Ainsi, de replâtrage en replâtrage, de réaménagement en réaménagement, Dartiguenave
avait donc fini par former un cabinet ministériel homogène dominé par la bourgeoisie
fonctionnariste et consumériste dont il était lui-même un produit pur jus malgré ou à cause
de deux superbes plantations qu’il possédait près de l’Ans-a-Veau, sa ville natale.

1-2- La saison des soldes

Le pays fut bradé aux américains qui ont obtenu le contrôle financier, la construction des
routes, le rétablissement de la « corvée » ou du travail forcé, le bail emphytéotique, la
dissolution du parlement et de l’armée.
Une grande partie de la souveraineté nationale fut donc aliénée par Dartiguenave pour être
président de la République. Il ne lui restait plus que ses yeux pour pleurer et des larmes
pour implorer la miséricorde divine.
Hormis les collaborationnistes et des professionnels indépendants, la bourgeoisie nationale
était aux abois, particulièrement les commerçants refoulés à la rue Traversière et dont les
plus chanceux, Simon Vieux et Raphaël Brouard se trouvaient sur la Grand’Rue.
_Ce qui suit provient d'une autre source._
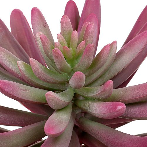 Schmücken Sie mit dieser hübschen und künstlichen Sukkulente in Lila einen Tisch, einen Fenstersims oder auch eine Kommode! Die Kunstpflanze sieht von oben aus wie ein Stern oder eine exotische Blüte und besitzt dazu noch einen kleinen Grünstich. Der Kopf mündet nach unten hin in einen kleinen konischen Stiel, mit dem Sie die Deko-Pflanze einarbeiten können. Damit haben Sie dann die Möglichkeit, den künstlichen Kaktus in etwas Blumenerde zu stecken, um Ihre Topfpflanzen optisch zu ergänzen.Sie können aber auch einen Glasbecher mit etwas Sand oder Dekogranulat füllen und dann die Kunstpflanze hineinstellen, damit sie genug Halt findet. Das Ganze können Sie dann prima auf einem Wohnzimmertisch oder auch einem Esstisch platzieren, um so eine originelle Tischdekoration zu kreieren. Wenn Sie diesen Deko-Stil im größeren Format, zum Beispiel mit weiteren künstlichen Kakteen, Steinen und etwas Schwemmholz, ausbauen, erhalten Sie eine tolle Wüsten-Deko, die besonders schön in den Sommer passt!

Tout le
bord de mer de Port aux Princes était envahi par des Libano-syriens qui avaient profité du
droit de bail pour s’installer sur les dépouilles des allemands écartés du marché au moment
de la première guerre mondiale. Ces Libano-syriens (les Bacha, les Salamé, les Talamas)
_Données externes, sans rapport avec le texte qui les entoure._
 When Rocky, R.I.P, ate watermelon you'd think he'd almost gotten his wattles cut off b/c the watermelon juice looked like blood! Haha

arrivés quelques années auparavant en qualité de marchants forains, occupaient le haut du
pavé à coté d’autres étrangers, laissant les nationaux sur les bas cotés de la route. De
même, des entrepreneurs américains contrôlaient l’économie sucrière haïtienne.
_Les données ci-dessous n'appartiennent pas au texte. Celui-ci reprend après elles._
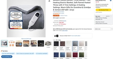 Bedsure Heated Blanket Throw Blanket - Fast Heating Electric Blanket, Soft Flannel Heated Throw with 4 Time Settings, 6 Heating Settings, Warm Gifts for Grandma & Grandpa (50x60 inches, Grey)UT3 Lite

Ainsi, la compagnie sucrière haïtiano-américaine (la haitian american sugar Company, la
HASCO), dont l’usine avait été construite dans la banlieue nord de Port aux Princes,
absorbait la plus grande partie de la canne produite dans les plaines de Léogane et du
Cul-de-Sac. Elle obligeait les grands planteurs haïtiens de la région comme les Tancrède
Auguste, qui possédaient une sucrerie à Chateaublond, à se reconvertir dans la Guildiverie
et le commerce.
La HASCO s’était également distingué en imposant de dures conditions de travail aux
ouvriers de l’usine qui ont réalisé la première grève syndicale du pays (voir Roger
Gaillard…). C’est aussi la forcerie exercée par les américains sur les paysans employés
dans la construction de la route Hinche-Saint Michel de l’Attalaye qui a relancé le
mouvement CACO au Plateau Central, à l’appel de Charlemagne Péralte, l’un des plus
dignes fils de la région, qui s’était enfui du Cap-Haïtien où il avait été condamné au
nettoyage des rues.
Le mouvement CACO est apparu au Plateau Central sous Dartiguenave, bien entendu
parce qu’il était dirigé par des féodaux et des fils de féodaux locaux comme Charlemagne
Péralte. Mais surtout parce que le Plateau Central était naturellement déshérité et ne pouvait
supporter le poids de la corvée. Le mouvement connut une telle intensité que les américains
ne réussirent pas à le mâter malgré le recours à des bombardements aériens.

1-3- Le prix du sang

C’est en cherchant à organiser une percée sur la Grande Rivière du Nord que Péralte fut
attiré dans un piège par un pauvre paysan Haïtien du nom de Conzé et abattu par le
Lieutenant américain Hanneken. L’événement fut célèbre à Port au Prince par le président
Dartiguenave qui en signe de reconnaissance descerna la médaille militaire à l’assassin de
Péralte en présence du Major Meade avant une revue de troupes au Champ de Mars (Voir
la photo publiée par Roger Gaillard dans son ouvrage Charlemagne Péralte le CACO, Port
au Prince, 1982).
Quant au président lui-même, il fut tout simplement remercié pour ses bons et loyaux
services à l’expiration de son mandat et remplacé par Louis Borno, son ancien ministre des
Relations Extérieures, devenu entre temps directeur de l’Ecole de droit de Port-au-Prince.